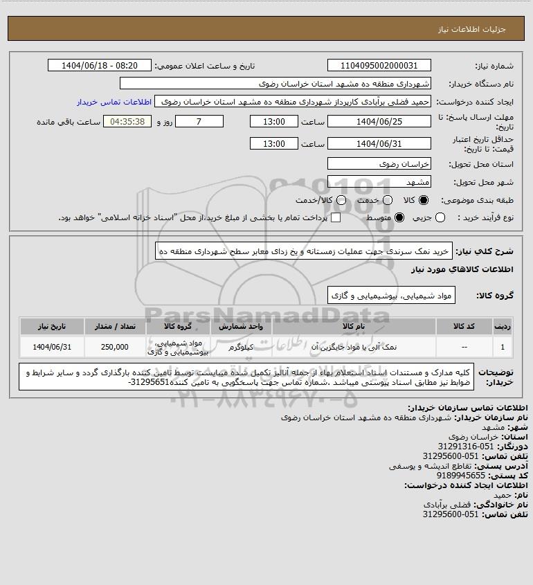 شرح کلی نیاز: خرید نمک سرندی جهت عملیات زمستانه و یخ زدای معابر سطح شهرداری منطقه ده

* * *

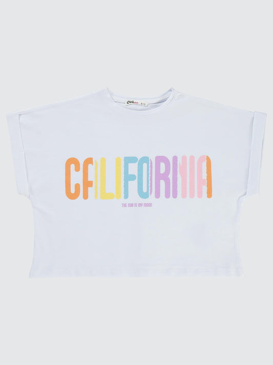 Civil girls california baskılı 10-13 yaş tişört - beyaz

...

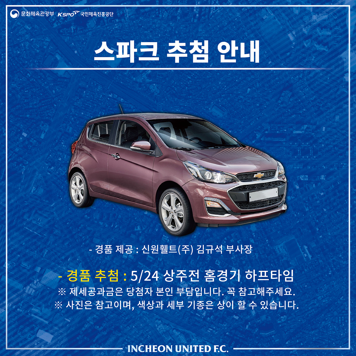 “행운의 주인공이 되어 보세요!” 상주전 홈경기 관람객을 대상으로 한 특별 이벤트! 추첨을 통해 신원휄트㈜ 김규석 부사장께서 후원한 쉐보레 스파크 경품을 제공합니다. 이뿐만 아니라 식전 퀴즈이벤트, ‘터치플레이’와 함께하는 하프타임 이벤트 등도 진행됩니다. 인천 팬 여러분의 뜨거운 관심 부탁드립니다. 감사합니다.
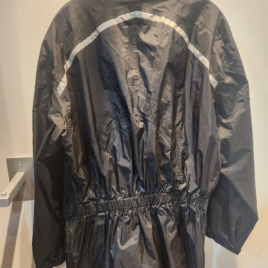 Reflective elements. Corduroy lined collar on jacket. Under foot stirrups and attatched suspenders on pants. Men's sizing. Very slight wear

Directions =
Starting at the line above that contains "관심 부탁드립니다. 감사합니다.", transcribe every line exactly through the line that contains "Reflective elements. Corduroy", including that last one, and skip the pictures.

Result of this task =
 “행운의 주인공이 되어 보세요!” 상주전 홈경기 관람객을 대상으로 한 특별 이벤트! 추첨을 통해 신원휄트㈜ 김규석 부사장께서 후원한 쉐보레 스파크 경품을 제공합니다. 이뿐만 아니라 식전 퀴즈이벤트, ‘터치플레이’와 함께하는 하프타임 이벤트 등도 진행됩니다. 인천 팬 여러분의 뜨거운 관심 부탁드립니다. 감사합니다.
 Reflective elements. Corduroy lined collar on jacket. Under foot stirrups and attatched suspenders on pants. Men's sizing. Very slight wear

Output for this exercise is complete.